Anche in “numeracy”, intesa come la capacità di calcolo, un adulto su tre (il 35%) è “low performer”, cioè fermo al livello 1 o anche sotto. La media dei Paesi Ocse è invece del 25 per cento. Queste persone sanno soltanto “fare calcoli di base con numeri interi o con il denaro, comprendere i decimali e identificare ed estrarre singole informazioni da tabelle o grafici, ma possono avere difficoltà con compiti che richiedono più passaggi (es. risolvere una proporzione). Quanti sono al di sotto del livello 1 sono in grado di sommare e sottrarre numeri piccoli”. Gli “high performer” (livello 4 e 5) in Italia sono soltanto il 6 per cento, meno della metà della media dei Paesi Ocse che si attesta al 14 per cento.

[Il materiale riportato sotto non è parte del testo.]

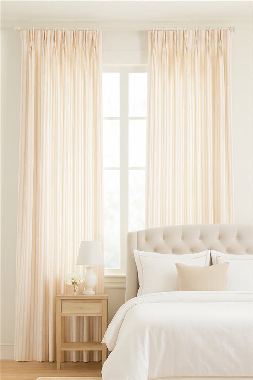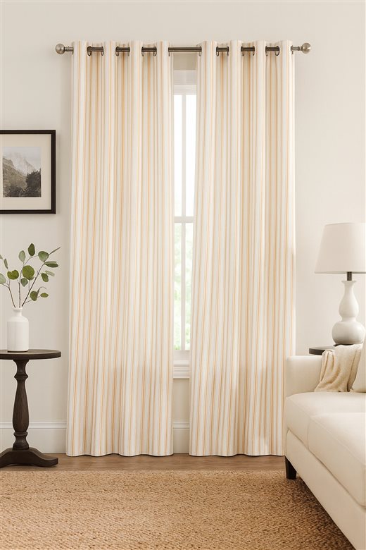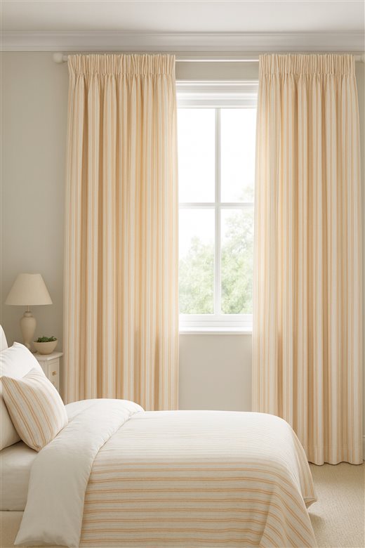A classic design, Ticking Stripe 1 Apricot is a traditional ticking stripe fabric comprising peachy orange and crisp white tones. The dense herringbone weave, which features centralised Ian Mankin ticking stripes in this design, delivers durability and makes it highly practical for upholstery, curtains, blinds, cushions and home accessories.

Infine nell’ambito del “problem solving” quasi la metà degli italiani è totalmente insufficiente (46 per cento sotto o pari al livello 1 contro una media Ocse del 29 per cento): i risultati sono inferiori anche a quelli del Portogallo. Coloro che si trovano in questa situazione hanno “difficoltà con problemi che presentano più passaggi o che richiedono il monitoraggio di più variabili”. Circa l’1% degli adulti invece ha ottenuto un punteggio di livello 4 o 5: un risultato molto inferiore alla media Ocse che è del 5 per cento.
Ma il dato più drammatico è quello che riguarda gli adulti che non ottengono la sufficienza in nessuna di queste tre competenze fondamentali e che, in quanto tali, sono ad alto rischio di esclusione economica e sociale. Da noi sono il 26 per cento (contro il 20 per cento della Francia e il 15 della Germania): un cittadino italiano su quattro. Non solo: mentre in quasi tutti gli altri Paesi la fascia d’età in assoluto più qualificata è quella dei giovani fra i 25 e i 34 anni, da noi il declino delle competenze comincia già dopo i 24 anni e le opportunità di lifelong learning restano ancora pochissime.
Anche i titoli di studio premiano meno che altrove: un laureato italiano ottiene in media solo 19 punti in più di un semplice diplomato nella prova di “literacy” (contro una media Ocse di +33 punti) e il diplomato a sua volta ottiene 35 punti in più di chi ha in tasca solo la terza media (contro una media Ocse di +43 punti). In compenso il raddoppio degli stranieri rispetto alla precedente rilevazione ha avuto un impatto relativo: gli immigrati di prima generazione da noi ottengono un punteggio inferiore di 30 punti in “literacy” che si riduce a 13 punti se si confrontano con i cittadini italiani dello stesso livello socioeconomico. In Francia e Germania lo svantaggio è molto più netto: rispettivamente – 58 e -74. Quanto agli immigrati di seconda generazione e ai nuovi italiani ottengono invece risultati in linea con quelli di chi è nato in Italia da genitori italiani.